◆ **Given information**
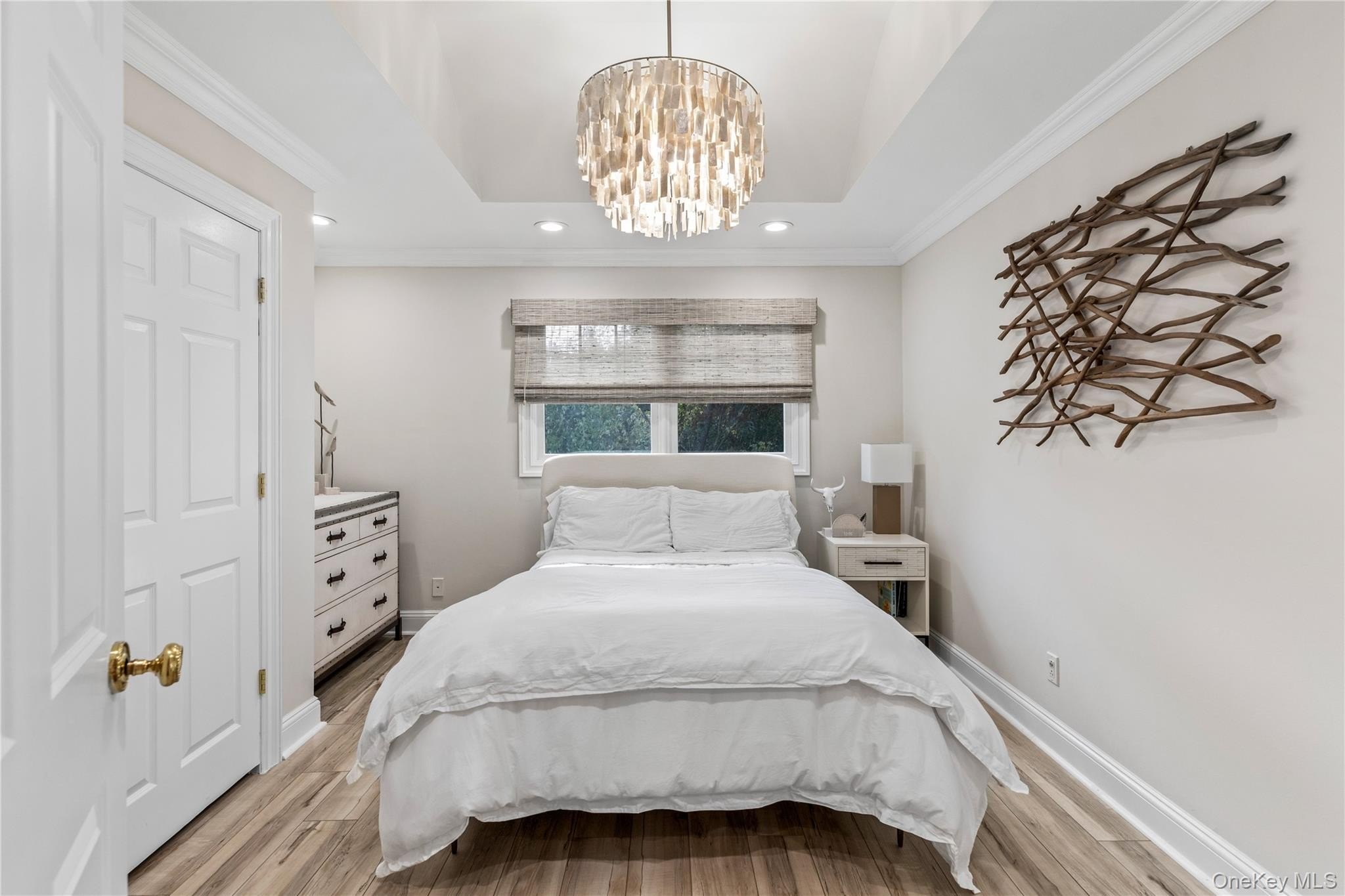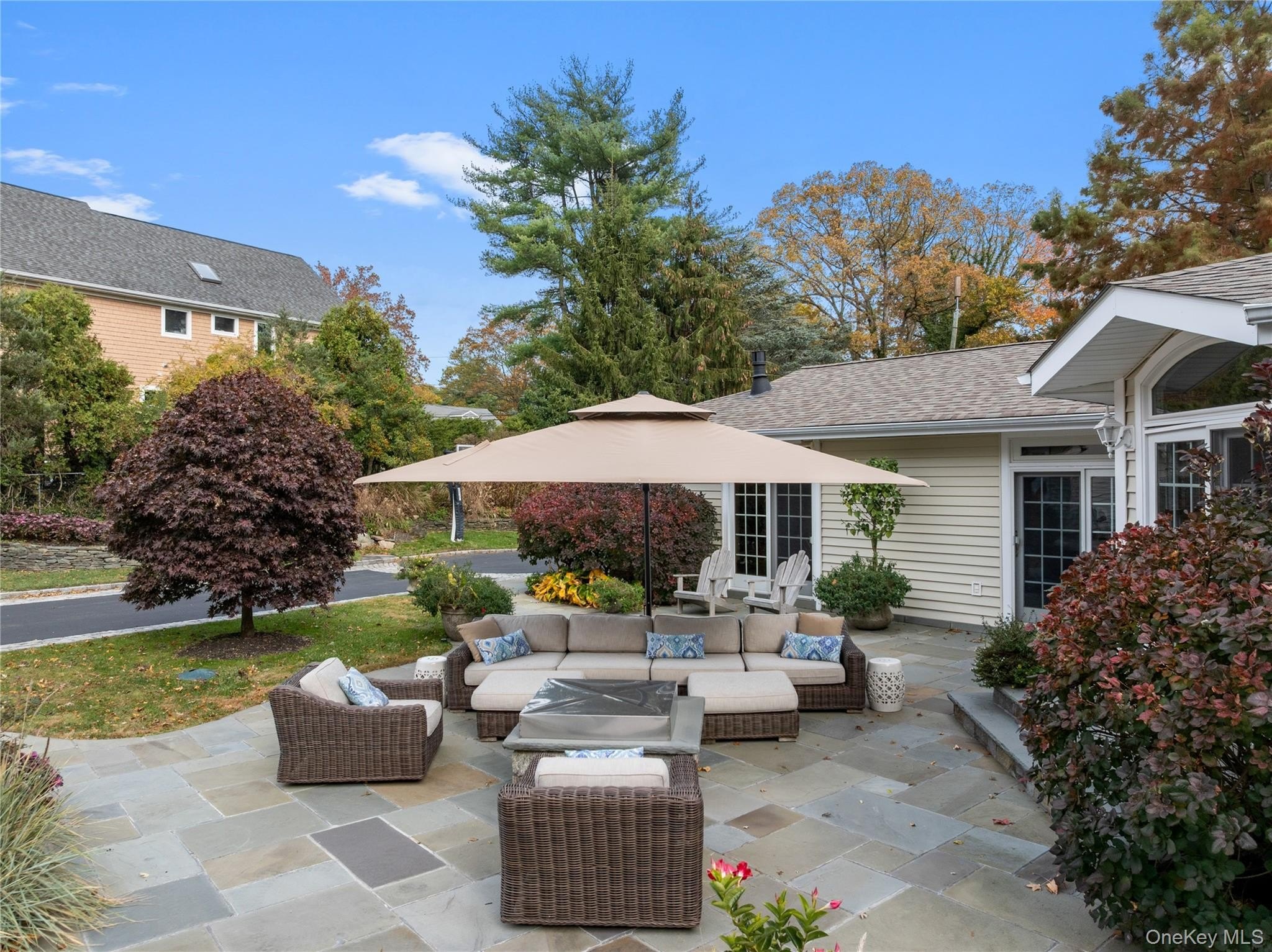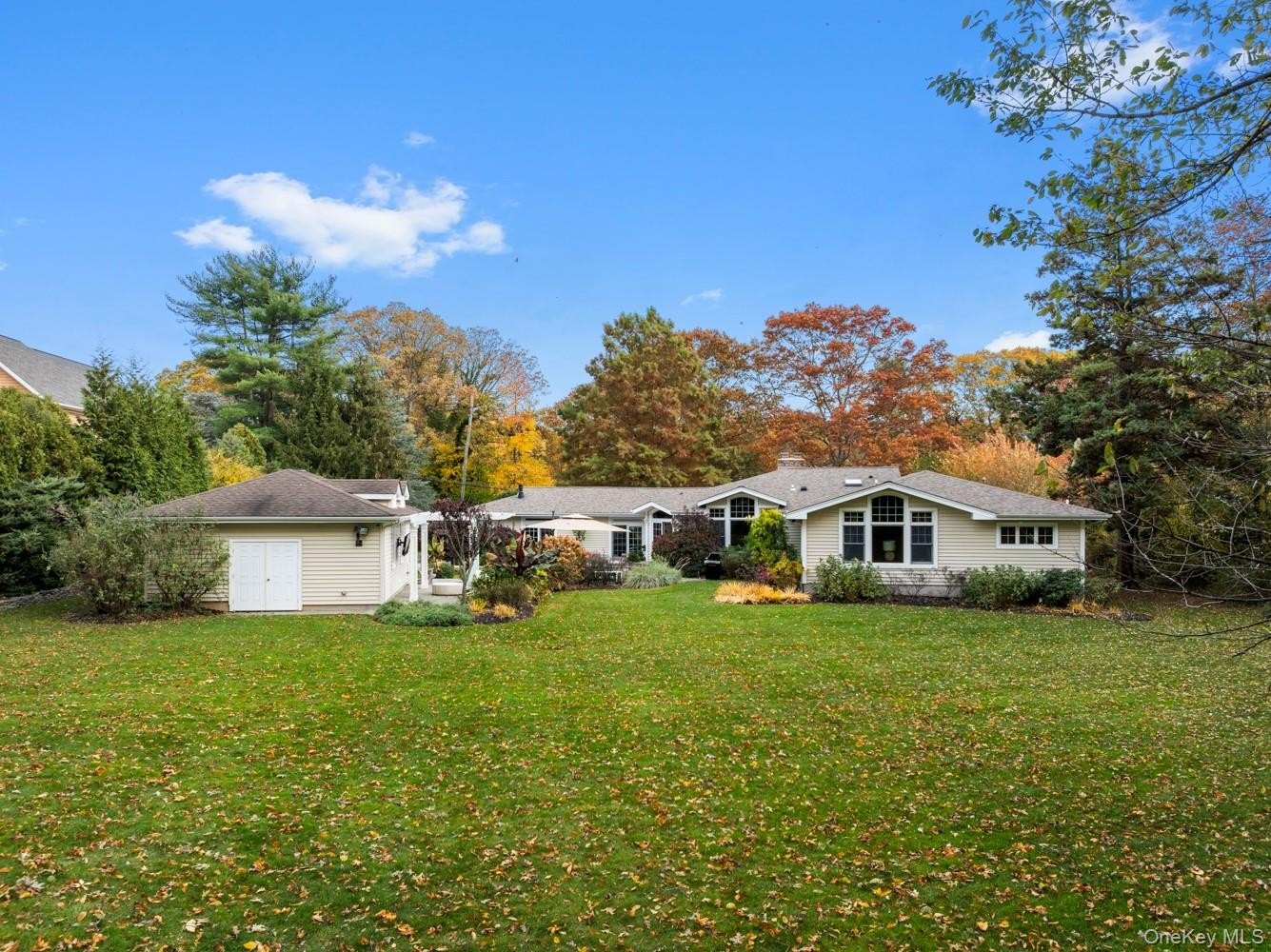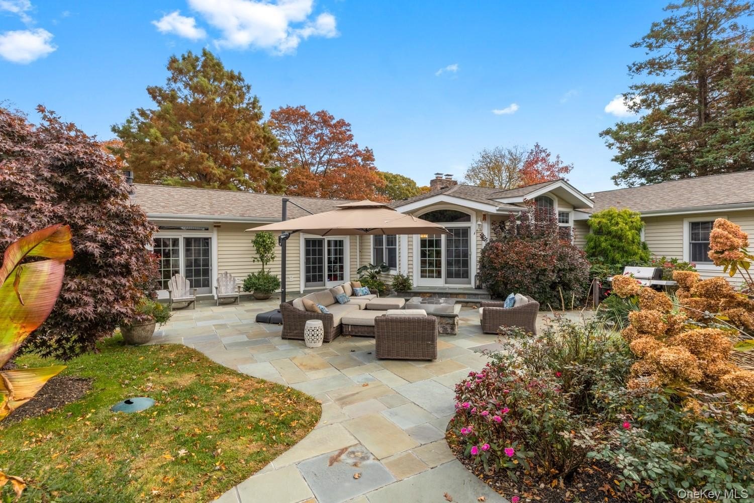 Situated on a perfectly flat, all-usable one-acre parcel, this elegant ranch embodies timeless design, exceptional craftsmanship, and modern comfort in one of Woodbury's most coveted enclaves. A new 40-year architectural roof crowns the residence, setting the tone for the quality and care found throughout. Inside, soaring ceilings and expansive rooms create a bright, open atmosphere ideal for both everyday living and entertaining. The oversized eat-in kitchen is a centerpiece of the home, featuring vaulted ceilings, abundant natural light, and top-of-the-line appliances. The formal living room with fireplace and the refined dining room with tray ceiling offer sophisticated spaces for gatherings, while the family room-framed by coffered ceiling details and sliding French doors-extends seamlessly to the outdoor patio and manicured grounds. Western exposure fills the home with warm afternoon light, highlighting the superior landscaping and specimen trees that define the property. Outdoors, the setting is as serene as it is private, complete with a tranquil waterfall feature that enhances the resort-like ambiance of the backyard. Space For Pool and much more. Luxury extends to every corner, with radiant heating, a snow-melt system, and individually zoned thermostat controls for ultimate comfort. A full French drainage system ensures meticulous property maintenance year-round. The large mudroom includes custom built-in cubbies, while an oversized detached garage offers additional storage with a flexible space that could be converted into a cabana or studio. Set on a quiet street within the prestigious Gates community, this residence also benefits from exceptionally low taxes, making it one of the most compelling offerings in Woodbury. Blending sophisticated finishes with thoughtful functionality, this remarkable home captures the essence of luxury living on Long Island's North Shore.
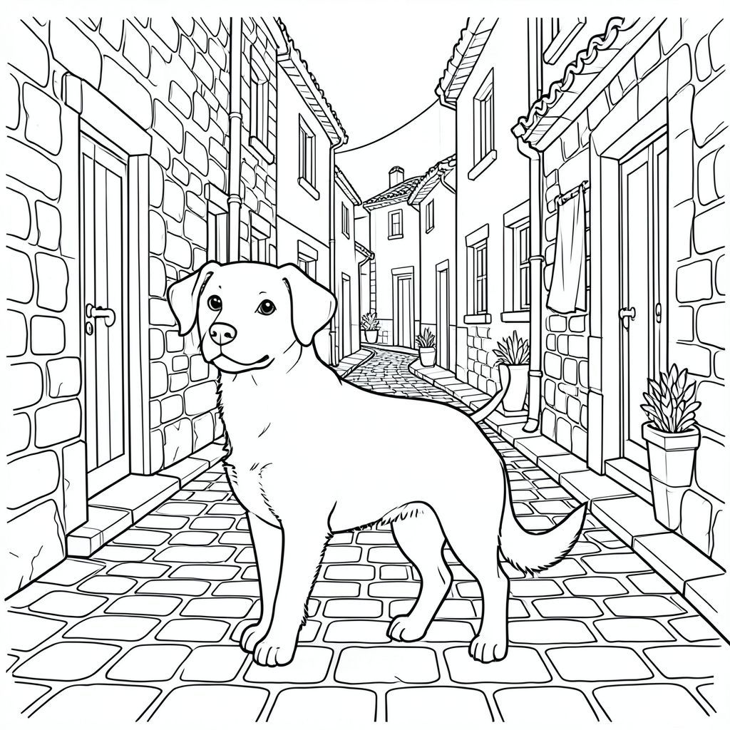 solo, chủ đề đơn, một đầu, hai mắt, hai tai, bốn chân, một đuôi, tỷ lệ tự nhiên, quy mô thích hợp trong môi trường, đúng giải phẫu,, đá cuội, hẻm, hẹp, quanh co, Địa Trung Hải, làng, các tòa nhà, đá, lát gạch, giặt ủi, trang màu, nghệ thuật đường, nền trắng, solo, chủ đề đơn, chính xác về mặt giải phẫu, giải phẫu hoàn hảo
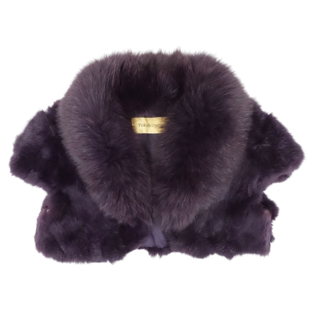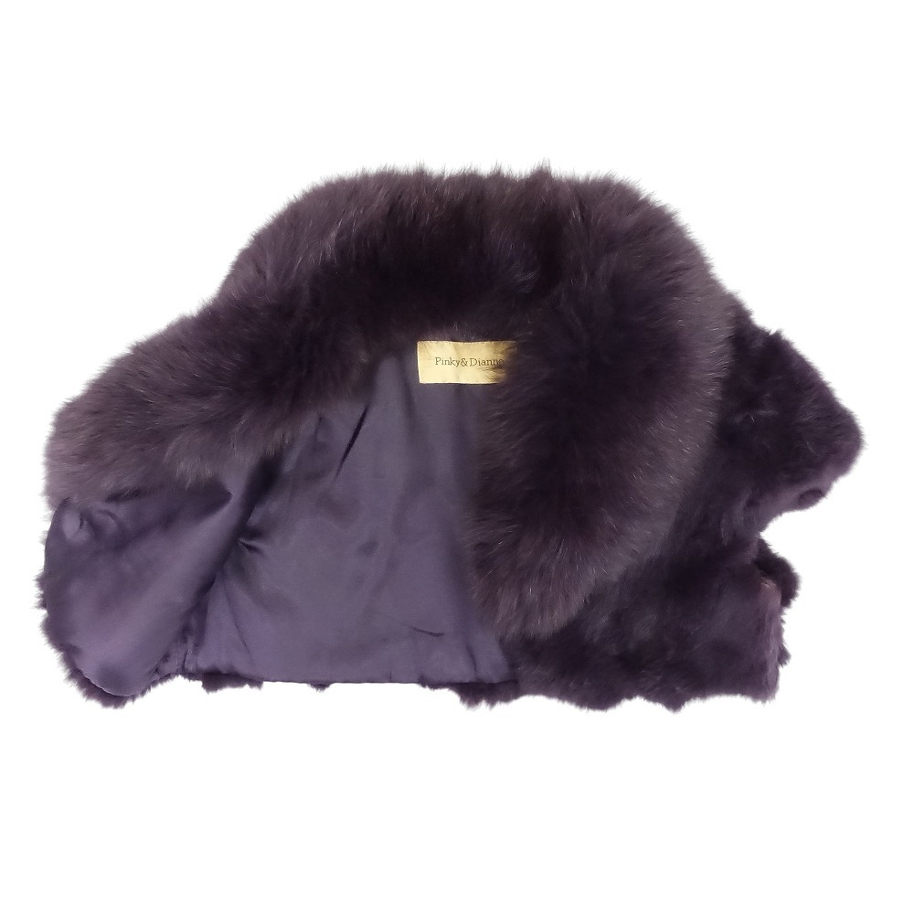 | 【Pinky&Dianne ピンキーアンドダイアン 毛皮 ショート丈 ジャケット 半袖 染めラビット ブルーフォックス 38 M 紫 レディース】 | |
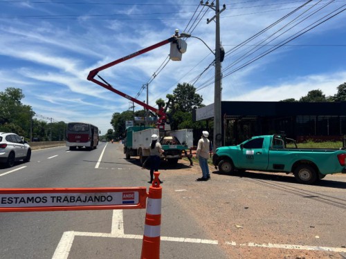 La ANDE, a través del Departamento de Distribución Central, ejecutó trabajos de reposición y refuerzo del sistema de iluminación pública en los tramos viales priorizados desde el Mercado de San Lorenzo, sobre las rutas PY01 y PY02, hasta el peaje de Ypacaraí, con el fin de acompañar de manera segura el tránsito de peregrinantes rumbo a la Basílica de Caacupé.

◆ **Task requirements**
Output the material word for word. Pictures do not go in.

◆ **Answer to the problem**
 Situated on a perfectly flat, all-usable one-acre parcel, this elegant ranch embodies timeless design, exceptional craftsmanship, and modern comfort in one of Woodbury's most coveted enclaves. A new 40-year architectural roof crowns the residence, setting the tone for the quality and care found throughout. Inside, soaring ceilings and expansive rooms create a bright, open atmosphere ideal for both everyday living and entertaining. The oversized eat-in kitchen is a centerpiece of the home, featuring vaulted ceilings, abundant natural light, and top-of-the-line appliances. The formal living room with fireplace and the refined dining room with tray ceiling offer sophisticated spaces for gatherings, while the family room-framed by coffered ceiling details and sliding French doors-extends seamlessly to the outdoor patio and manicured grounds. Western exposure fills the home with warm afternoon light, highlighting the superior landscaping and specimen trees that define the property. Outdoors, the setting is as serene as it is private, complete with a tranquil waterfall feature that enhances the resort-like ambiance of the backyard. Space For Pool and much more. Luxury extends to every corner, with radiant heating, a snow-melt system, and individually zoned thermostat controls for ultimate comfort. A full French drainage system ensures meticulous property maintenance year-round. The large mudroom includes custom built-in cubbies, while an oversized detached garage offers additional storage with a flexible space that could be converted into a cabana or studio. Set on a quiet street within the prestigious Gates community, this residence also benefits from exceptionally low taxes, making it one of the most compelling offerings in Woodbury. Blending sophisticated finishes with thoughtful functionality, this remarkable home captures the essence of luxury living on Long Island's North Shore.
 solo, chủ đề đơn, một đầu, hai mắt, hai tai, bốn chân, một đuôi, tỷ lệ tự nhiên, quy mô thích hợp trong môi trường, đúng giải phẫu,, đá cuội, hẻm, hẹp, quanh co, Địa Trung Hải, làng, các tòa nhà, đá, lát gạch, giặt ủi, trang màu, nghệ thuật đường, nền trắng, solo, chủ đề đơn, chính xác về mặt giải phẫu, giải phẫu hoàn hảo
 | 【Pinky&Dianne ピンキーアンドダイアン 毛皮 ショート丈 ジャケット 半袖 染めラビット ブルーフォックス 38 M 紫 レディース】 | |
 La ANDE, a través del Departamento de Distribución Central, ejecutó trabajos de reposición y refuerzo del sistema de iluminación pública en los tramos viales priorizados desde el Mercado de San Lorenzo, sobre las rutas PY01 y PY02, hasta el peaje de Ypacaraí, con el fin de acompañar de manera segura el tránsito de peregrinantes rumbo a la Basílica de Caacupé.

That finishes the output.